Infrastructure & Security

  • Cloud provider — AWS, with primary deployment in
    the af-south-1 (Cape Town) region and disaster-recovery in eu-west-1
    (Ireland).
  • Information security — ISO 27001-certified
    Information Security Management System; alignment with NIST
    Cybersecurity Framework v2.0; quarterly external penetration testing;
    annual third-party SOC 2 Type II audit.
  • Privacy & data protection — full POPIA
    (South Africa) and Data Protection Act, 2018 (Botswana) compliance;
    appointed Information Officer; data-minimisation by design.

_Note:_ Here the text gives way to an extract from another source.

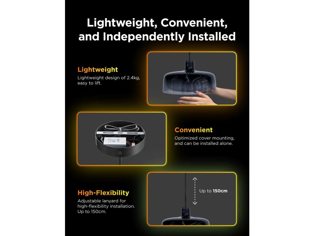 Závesné svietidlo Govee je vybavené trojzónovým kruhovým osvetlením, ktoré poskytuje 360° osvetlenie s možnosťou nezávislého ovládania každej zóny. Svetlo je nastaviteľné od teplej bielej 2700 K po studenú 6500 K a ponúka vysoký index podania farieb (CRI 95). Inštalácia lustra je jednoduchá a vďaka nastaviteľnému závesnému káblu až do dĺžky 150 cm ho môžete ľahko prispôsobiť výške vášho stropu.

8.3 Operating KPIs (Target Steady-State Year 5)

Operating KPI Year 1 Year 5 Industry Benchmark
Straight-through claims (motor, < ZAR 25k) 50% 85% Industry: 40-60%
Average claim cycle time (motor own damage) 12 days 5 days Industry: 10-15 days
Quote-to-bind conversion rate 18% 26% Direct industry: 18-22%
Self-service transaction rate 55% 82% Industry: 35-55%
Net Promoter Score (transactional) +25 +50 Industry: +10 to +35
First-Call Resolution (contact centre) 75% 88% Industry: 70-85%
Policy-administration headcount per 10,000 policies 12 5 Industry: 8-15

8.4 Vendor & Reinsurer Ecosystem

Critical third-party relationships are summarised below. All vendor
engagements will be governed by formal Operational Risk Management
policies, including a tiered vendor classification (Tier 1:
business-critical; Tier 2: significant; Tier 3: standard) with
corresponding due-diligence, contractual, and ongoing-monitoring
requirements.

Vendor Category Provider Type Role
Cloud infrastructure AWS / Azure Compute, storage, networking; AWS preferred for African region presence
Policy admin core Sapiens / OWLS / Root Configurable rating, policy & claims management
Reinsurer panel Munich Re / Swiss Re / Hannover Re / Africa Re Proportional and excess-of-loss programmes
Credit & risk data TransUnion / Experian Credit-based rating factors
Telematics Cambridge Mobile Telematics / Octo Smartphone-first UBI scoring engine
Payment & collections DebiCheck / Stripe / Adumo Premium debit-order and card collections
KYC / sanctions screening ThomsonReuters / Refinitiv Customer onboarding due-diligence
Vehicle data eNaTIS / Lightstone Vehicle valuation, write-off, and ownership history

8.5 Headcount Plan

Function Year 1 Year 2 Year 3 Year 4 Year 5
Executive & Group functions 12 14 16 18 20
Underwriting, Actuarial & Product 18 26 34 42 48
Claims operations 25 55 115 180 245
Technology & Data 42 62 85 105 118
Marketing & Growth 15 26 38 48 55
Contact centre (sales & service) 60 145 295 445 560
Risk, Compliance, Legal & Audit 10 14 20 26 30
Botswana team 0 0 12 22 32
Total Headcount 182 342 615 886 1,108

Confidential — this business plan is provided to prospective investors and lenders for evaluation purposes only and may not be reproduced or distributed without the written consent of Nimbus Direct Insurance Group (Pty) Ltd.